**RECORD EXTRACTS:**
---

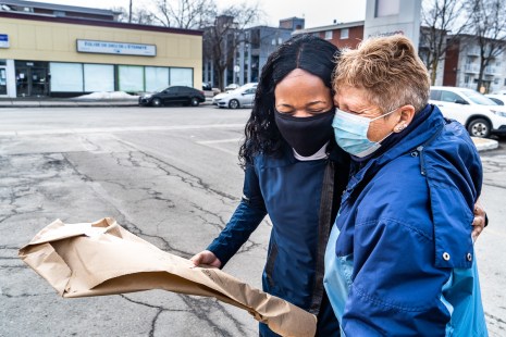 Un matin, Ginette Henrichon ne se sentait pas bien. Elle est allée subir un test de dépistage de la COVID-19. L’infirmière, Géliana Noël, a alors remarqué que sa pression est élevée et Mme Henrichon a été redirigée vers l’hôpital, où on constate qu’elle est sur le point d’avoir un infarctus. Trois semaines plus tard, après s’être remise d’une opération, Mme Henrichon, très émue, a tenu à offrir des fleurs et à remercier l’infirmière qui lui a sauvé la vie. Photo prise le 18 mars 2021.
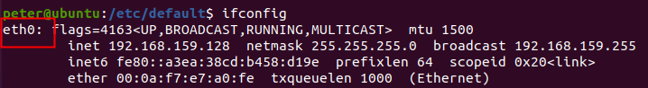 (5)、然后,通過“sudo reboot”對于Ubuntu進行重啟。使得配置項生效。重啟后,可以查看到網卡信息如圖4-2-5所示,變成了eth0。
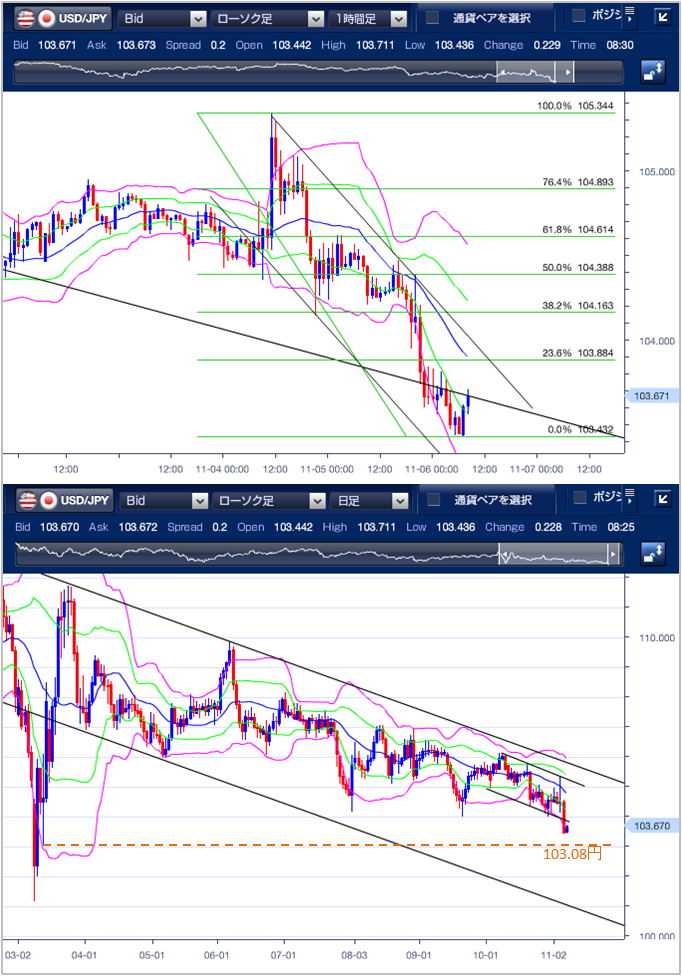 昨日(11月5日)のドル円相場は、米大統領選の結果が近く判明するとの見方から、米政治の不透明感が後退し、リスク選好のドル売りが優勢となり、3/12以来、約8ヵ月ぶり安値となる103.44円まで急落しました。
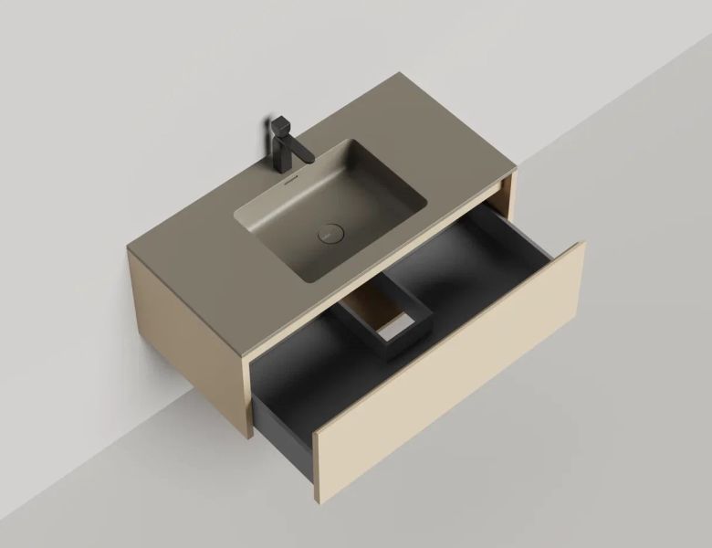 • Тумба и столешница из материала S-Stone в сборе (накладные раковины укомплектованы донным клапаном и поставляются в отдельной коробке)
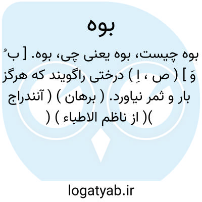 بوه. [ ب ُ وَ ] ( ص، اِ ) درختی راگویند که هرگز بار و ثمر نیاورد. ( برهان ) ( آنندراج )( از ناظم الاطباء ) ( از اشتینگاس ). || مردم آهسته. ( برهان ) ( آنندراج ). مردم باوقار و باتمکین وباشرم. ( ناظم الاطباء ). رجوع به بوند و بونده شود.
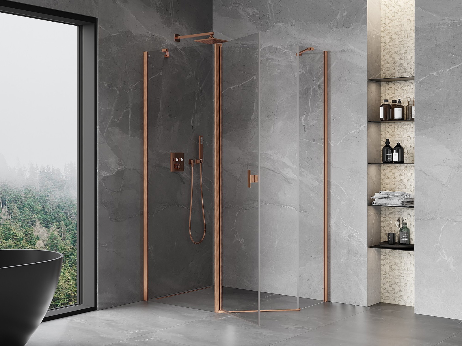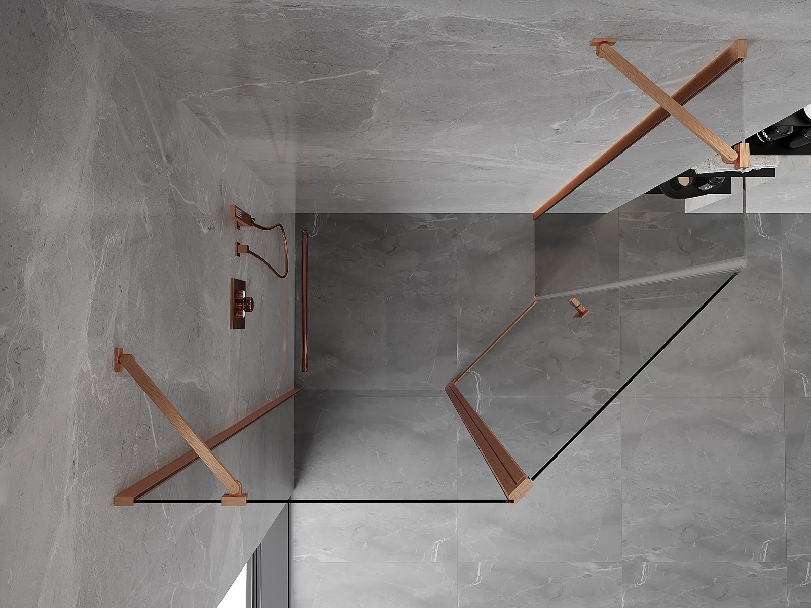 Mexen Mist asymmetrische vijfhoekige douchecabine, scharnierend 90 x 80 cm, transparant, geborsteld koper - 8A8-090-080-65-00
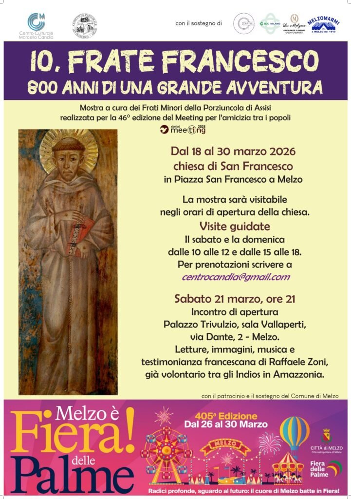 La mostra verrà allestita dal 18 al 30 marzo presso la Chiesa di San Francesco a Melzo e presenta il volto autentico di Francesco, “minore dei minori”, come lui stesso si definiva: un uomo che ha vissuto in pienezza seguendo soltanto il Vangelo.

---

**YOUR ASSIGNMENT:**
Start to finish, write out the data above exactly, omitting all pictures.

**ANSWER SPACE:**
 Un matin, Ginette Henrichon ne se sentait pas bien. Elle est allée subir un test de dépistage de la COVID-19. L’infirmière, Géliana Noël, a alors remarqué que sa pression est élevée et Mme Henrichon a été redirigée vers l’hôpital, où on constate qu’elle est sur le point d’avoir un infarctus. Trois semaines plus tard, après s’être remise d’une opération, Mme Henrichon, très émue, a tenu à offrir des fleurs et à remercier l’infirmière qui lui a sauvé la vie. Photo prise le 18 mars 2021.
 (5)、然后,通過“sudo reboot”對于Ubuntu進行重啟。使得配置項生效。重啟后,可以查看到網卡信息如圖4-2-5所示,變成了eth0。
 昨日(11月5日)のドル円相場は、米大統領選の結果が近く判明するとの見方から、米政治の不透明感が後退し、リスク選好のドル売りが優勢となり、3/12以来、約8ヵ月ぶり安値となる103.44円まで急落しました。
 • Тумба и столешница из материала S-Stone в сборе (накладные раковины укомплектованы донным клапаном и поставляются в отдельной коробке)
 بوه. [ ب ُ وَ ] ( ص، اِ ) درختی راگویند که هرگز بار و ثمر نیاورد. ( برهان ) ( آنندراج )( از ناظم الاطباء ) ( از اشتینگاس ). || مردم آهسته. ( برهان ) ( آنندراج ). مردم باوقار و باتمکین وباشرم. ( ناظم الاطباء ). رجوع به بوند و بونده شود.
 Mexen Mist asymmetrische vijfhoekige douchecabine, scharnierend 90 x 80 cm, transparant, geborsteld koper - 8A8-090-080-65-00
 La mostra verrà allestita dal 18 al 30 marzo presso la Chiesa di San Francesco a Melzo e presenta il volto autentico di Francesco, “minore dei minori”, come lui stesso si definiva: un uomo che ha vissuto in pienezza seguendo soltanto il Vangelo.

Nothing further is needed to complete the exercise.